The KITAB corpus is the Arabic subcorpus of the Open Islamicate Texts Initiative (OpenITI), which was founded in 2016 by Maxim Romanov, Sarah Savant and Matt Miller as a multi-institutional effort to create not only a scientifically curated and open corpus of Islamicate (mainly Arabic and Persian) texts compliant with international data standards, accompanied by scholarly metadata and representative of the diversity of historic traditions but also a full digital text production pipeline (for information on OpenITI, see here).

To date, the KITAB corpus comprises more than 10,200 text files plus their corresponding metadata files. Most of them contain premodern works in line with KITAB’s research focus on the premodern Arabic written tradition from its origins in the second century AH/eighth century CE up to roughly the ninth century AH/fifteenth century CE.

The works come from a variety of sources that fall within three major categories (for a comprehensive list of our sources, see here): (1) digital online libraries such as al-Maktaba al-Shamila and Shia Online, (2) research projects such as the Graeco-Arabic Studies Corpus, the Digital Averroes Research Environment and Ptolemaeus Arabus et Latinus and (3) KITAB’s own Optical Character Recognition (OCR)-pipeline based on Kraken (see here and here).

Further text files are contributed by individual researchers and KITAB team members, most notably in the form of manual transcriptions of manuscripts.

While the bulk of our texts currently come from online libraries and are reproductions of modern print editions, the relative weight of the individual categories of sources is likely to change and, owing to improving OCR tools, more texts will pour into the KITAB corpus through our own OCR pipeline, including OCR’d manuscript sources.

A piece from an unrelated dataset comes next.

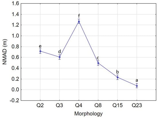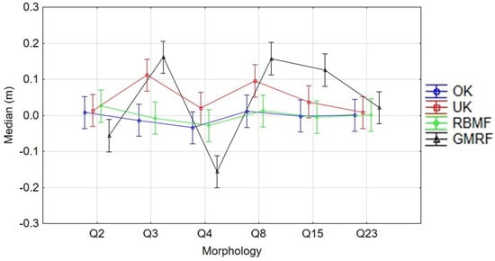 In order not to overextend the presentation of the results obtained, only the systematic errors obtained using a robust bias estimator such as the median were analyzed. Table 3 shows that all the factors that influenced the vertical bias given by the median statistical parameter (p-value < 0.05). In particular, from analyzing the F-value, it is possible to state that morphology (M) is the factor with the highest influence (F-value = 15.731). Next, we have the significant interaction between sampling density (SD) and morphology (F-factor = 11.485), and the high impact of the influence of sampling density (F-factor = 10.736). It should be noted that the interpolation method (IM), although statistically significant, was the factor that contributed the least (F-value = 8.886) towards explaining the variability of the systematic error (i.e., vertical bias).
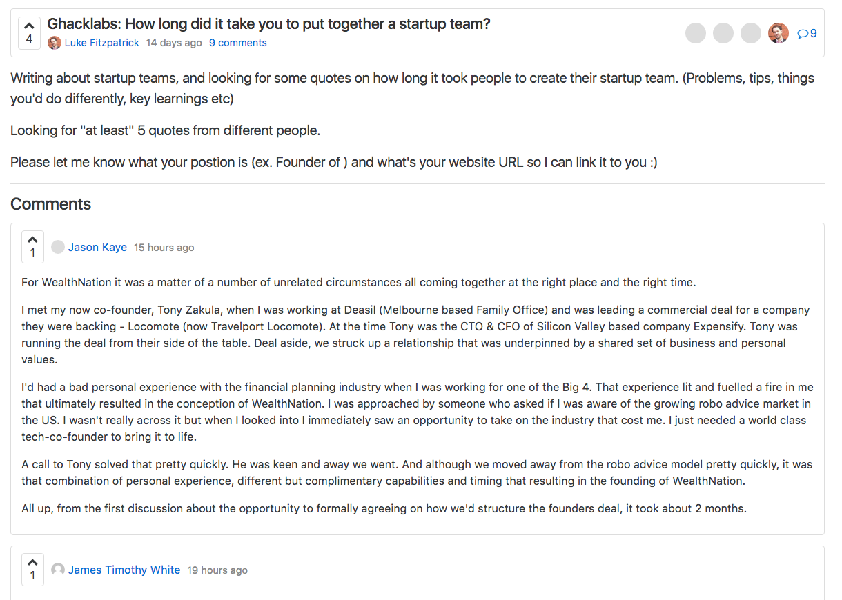 Ghacklabs is a new platform for people to get free PR. Journalists and bloggers can post up stories that they are writing about, and get quotes from people in real-time. Ghacklabs uses a combination of features from: - Reddit: Votes, comments, and moderators. - Quora: Sharing knowledge and making friends. - HARO: Getting quotes and giving quotes for news articles and blogs. Content creators can also use Ghacklabs to "co-create content" together, allowing bloggers to create content faster in the crowd. If you'd like to get in touch, do not hesitate to contact me via [email protected]. Website: http://ghacklabs.com/ Blog: http://blog.ghacklabs.com/ Facebook: https://www.facebook.com/ghacklabs/ Twitter: https://twitter.com/ghacklabs Instagram: https://www.instagram.com/ghacklabs/ Pinterest: https://au.pinterest.com/ghacklabs/ LinkedIn: https://www.linkedin.com/company-beta/7953453/ CrunchBase: https://www.crunchbase.com/organization/ghacklabs#/entity

The texts in our corpus stretch across a wide range of subject matter and genres but reflect the focal points of our major source collections. The OCR pipeline that KITAB is building will allow us to address lacunae in our corpus at a broader scale and to include comparatively less represented, or even unrepresented, categories of texts and more marginal subjects. Specialised partner research projects that will contribute their texts to the OpenITI/KITAB corpus as well as individual contributions from the field will further diversify our corpus.